Это «зонное пение», достигая определенной кульминации, воспринимается как своего рода животный крик отчаяния и боли, не соприродный, а природный по сути: и в этом видится особый подход к той самой «объективации», необходимость которой была особенно остро осознана еще в середине XX века (в частности, такую попытку объективации, основанной на отталкивании от романтизма, предпринял Чарльз Олсон)[8]. Тогдашние попытки некоторых модернистов устранить однозначность связи между «лирическим субъектом» и «объектами» опирались именно на отталкивание от традиций, а в современной культурной ситуации, при наличии совершенно иного инструментария и принципиально иного опыта обращения с традицией, как видим из предъявленных в начале XXI века текстов, возможны более нюансированные решения, опирающиеся, например, на «дробление субъекта» и объективацию отдельных его частей. При этом нельзя сказать, что «утрата человеческого облика», однозначно манифестируемая в структуре субъекта высказывания или в отдельных элементах интонации — как прием, — представлена в современной литературе широко: прежде всего вспоминаются прозаические опыты В. Сорокина, в которых этот эффект достигается простейшим способом: речь персонажа становится синтаксически дезинтегрированной. В свете этого обстоятельства книга Ст. Снытко (это относится в первую очередь к «Спектрофобии») дает нам блестящий образец интонационного срыва с человеческого уровня бытия — срыва, парадоксальным образом помещенного в весьма насыщенную среду работы с культурными кодами, благодаря чему вместо ожидаемой бездны возникает эффект беспрецедентного «расширения» инстанции говорения до «зверобожественного» подобия: «...смертное смутное семя в фарватере тока манкирует зрением в плоящийся сгусток кадетский не глядя кружится красная тонкая крыса с ланцетом над пламенем леса если внизу живота зернится чуткая точка» (с. 39).

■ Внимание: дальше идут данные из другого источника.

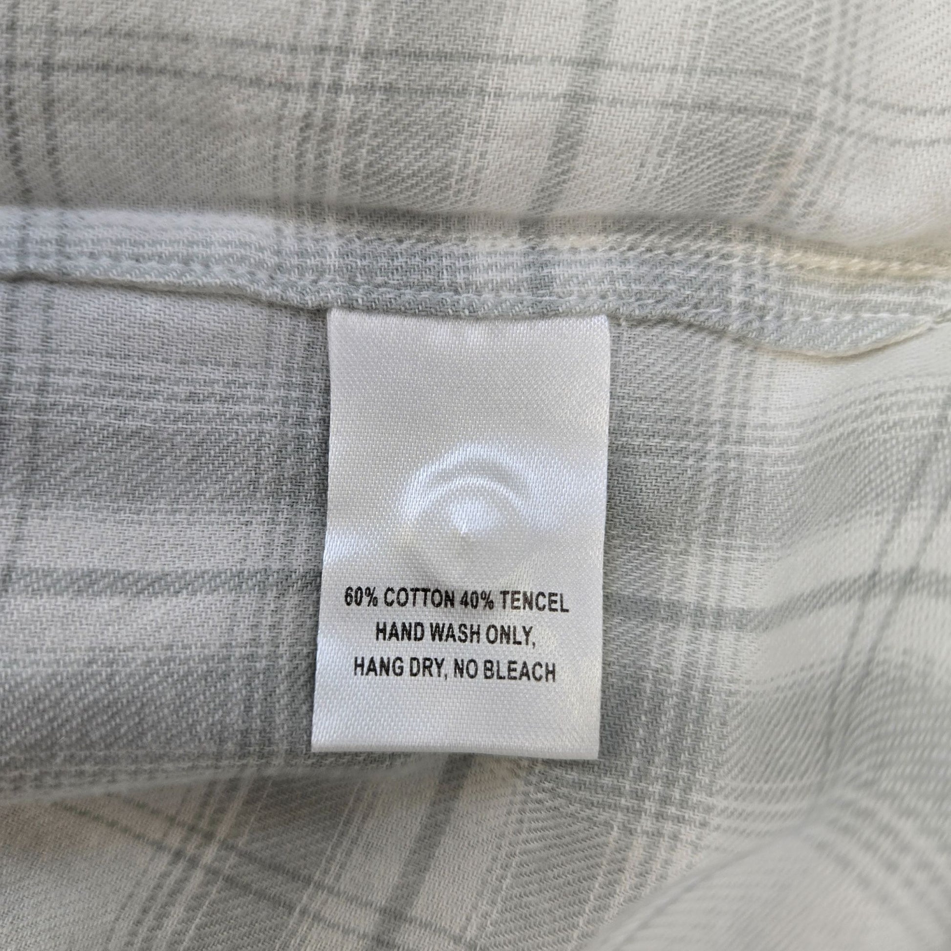 Really soft cotton and tencel blend plaid button down cap sleeve shirt that has two chest pockets. The colors are white and a very light greenish-gray.
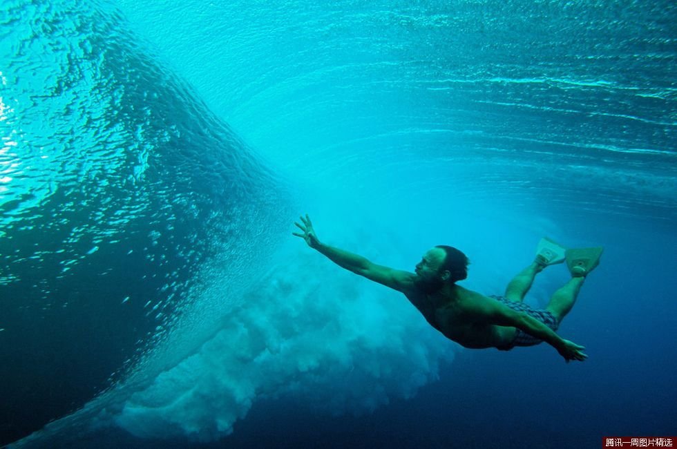 2013年12月17日报道,法属玻里尼西亚,大溪地岛,一名冲浪者在水下等待大浪。

В части «Уничтожение имени» можно еще отчетливее ощутить рельеф этого авторского пространства, заданного «окультуренной» акустикой животного крика: звуковой и смысловой рисунок этого рельефа получается умышленно размытым и прочерчивается нарастающим и спадающим напряжением: более того, иногда создается впечатление, что референциальная неопределенность — это божество данного типа письма, исток пространства и времени в текстах Станислава Снытко: «.что растерзан цельностью мир столь неприметно вскинуты правые руки шиповников и обивая пороги гей-клубов песчанен волк иссеченный стрекочущей пеной под земного сада как и ты косвенным сном у авентинских ступеней надорван прежде предавшись теневой беспредметности кипариса либо молчанию маков жгуче-ало трепещущих центробежным ядром воспоминания.» (с. 43).

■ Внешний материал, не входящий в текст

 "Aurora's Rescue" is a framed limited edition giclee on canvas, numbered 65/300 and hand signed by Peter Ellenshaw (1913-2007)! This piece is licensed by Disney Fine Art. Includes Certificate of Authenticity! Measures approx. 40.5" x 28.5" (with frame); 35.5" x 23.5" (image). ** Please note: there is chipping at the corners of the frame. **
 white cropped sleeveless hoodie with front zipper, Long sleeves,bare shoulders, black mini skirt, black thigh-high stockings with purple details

Однако, помимо обращения к петербургскому тексту, в текстах Станислава Снытко огромное количество «перекличек» с современной американской prose poetry, где витки антисобытийности зачастую «раскручиваются» вокруг одного центрального образа. Так, например, в прозаическом цикле Максин Чернофф персонаж вводится в текст подобным абсурдистским описанием: «Benjamin Franklin used to lie naked on the water, attach a kite to his leg, and let the wind gently carry him around the pond like a sailboat»[9] («Бенджамин Франклин обычно лежал обнаженным на воде, привязав воздушного змея к своей ноге, и позволял ветру нести его, как парусную лодку, по волнам пруда»). Этот способ конструирования дискурса персонажа, опираясь на очевидную отсылку к творчеству Д. Хармса, однако, обладает рядом существенных отличий, продиктованных прежде всего сознательной установкой на прямую рецепцию элементов современного философского дискурса и их преломление в художественном тексте[10].

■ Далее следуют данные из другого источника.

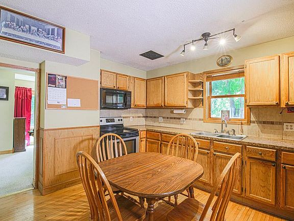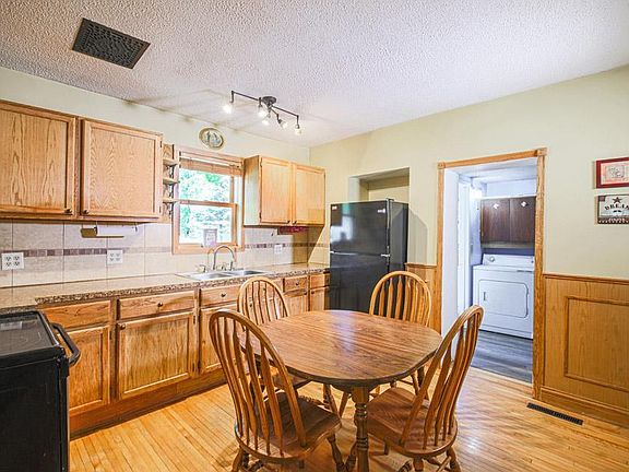 Affordable! This home features newer windows, siding, doors & furnace. 3 bedrooms on one level, 1 bath, kitchen with tile backsplash, separate dining room & tile bath. Finished 24x30 detached heated & insulated garage with 10' sidewalls, corner lot, move-in ready. Priced to sell!!
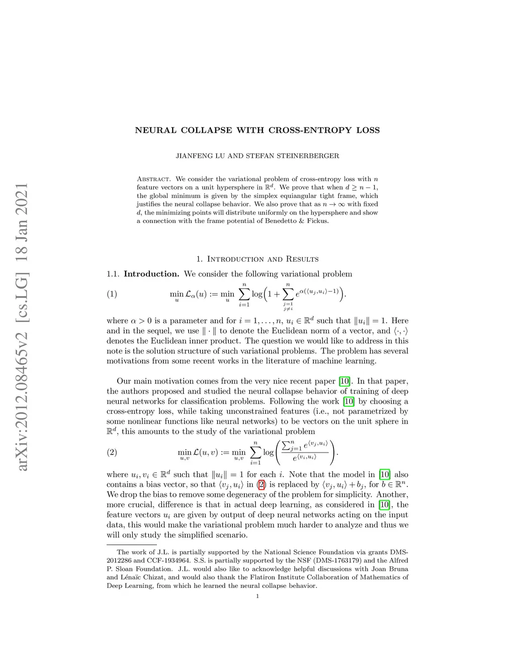 We consider the variational problem of cross-entropy loss with feature vectors on a unit hypersphere in . We prove that when , the global minimum is given by the simplex equiangular tight frame, which justifies the neural collapse behavior. We also prove that as with fixed , the minimizing points will distribute uniformly on the hypersphere and show a connection with the frame potential of Benedetto & Fickus.

Благодаря этому особому типу художественного мышления, опирающемуся на механизмы поддержания референциальной неопределенности, многоплановая манифестация фрагментарного восприятия служит важным элементом конструирования «субъекта речи» во всей книге Снытко. При этом выраженная опора на традицию и мастерское наполнение границы между стихом и прозой интертекстуально обусловленной глубиной приводят к тому, что в книге «Уничтожение имени», как уже отмечалось, «образы, появляющиеся в тексте, могут напоминать персональную символику авторского сознания — если понятие "символ" в принципе уместно при разговоре о таком типе письма. Но если это символ, то символ поломанный, парадоксальный в своем устройстве: он не ведет к конкретному означаемому, или же означаемое отсутствует как таковое. Впрочем, каким еще может быть символ в новую литературную эру?»[11]
Алексей Порвин
POEMS AND PROBLEMS
Снытко Ст. Уничтожение имени. — М.: Книжное обозрение (АРГО-РИСК), 2014. — 64 с. (серия «Малая проза»)
Не каждая дебютная книга создает вокруг себя поле напряженного ожидания, и если с книгой Станислава Снытко это случилось, то, видимо, потому, что она, ни много ни мало, пытается переопределить представления о художественной прозе и ее признаках. Эта книга — яркий образец перфекционистского письма, в котором отточенность стилевой формулы оказывается инструментом, позволяющим кристаллизовать восприятие.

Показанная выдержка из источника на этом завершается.